TASK: For this exercise, retype all the data exactly and exclude every image.
━━━ DATA BELOW
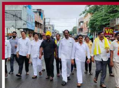
నల్లచొక్క ధరించి నిరసన వ్యక్తం చేస్తున్న అయితాలత్తుల
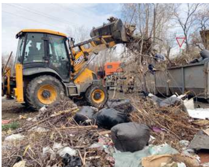
Уборка несанкционированных свалок п. Локомотивный
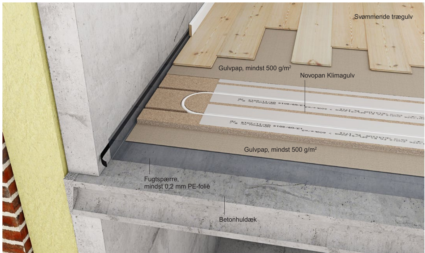
Figur 1 Novopan Klimagulv lagt svømmende på et etagedæk af beton og afsluttet med et svømmende trægulv – mindst 12 mm.

Anvendes der vendeplader som alternativ til fræsning af vendespor skal de lægges i henhold til monteringsanvisningerne Novopan vendeplader til 22 mm Klimagulv og Novopan vendeplader til 25 mm Klimagulv .
━━━━━━
WORKED SOLUTION:
నల్లచొక్క ధరించి నిరసన వ్యక్తం చేస్తున్న అయితాలత్తుల
Уборка несанкционированных свалок п. Локомотивный
Figur 1 Novopan Klimagulv lagt svømmende på et etagedæk af beton og afsluttet med et svømmende trægulv – mindst 12 mm.

Anvendes der vendeplader som alternativ til fræsning af vendespor skal de lægges i henhold til monteringsanvisningerne Novopan vendeplader til 22 mm Klimagulv og Novopan vendeplader til 25 mm Klimagulv .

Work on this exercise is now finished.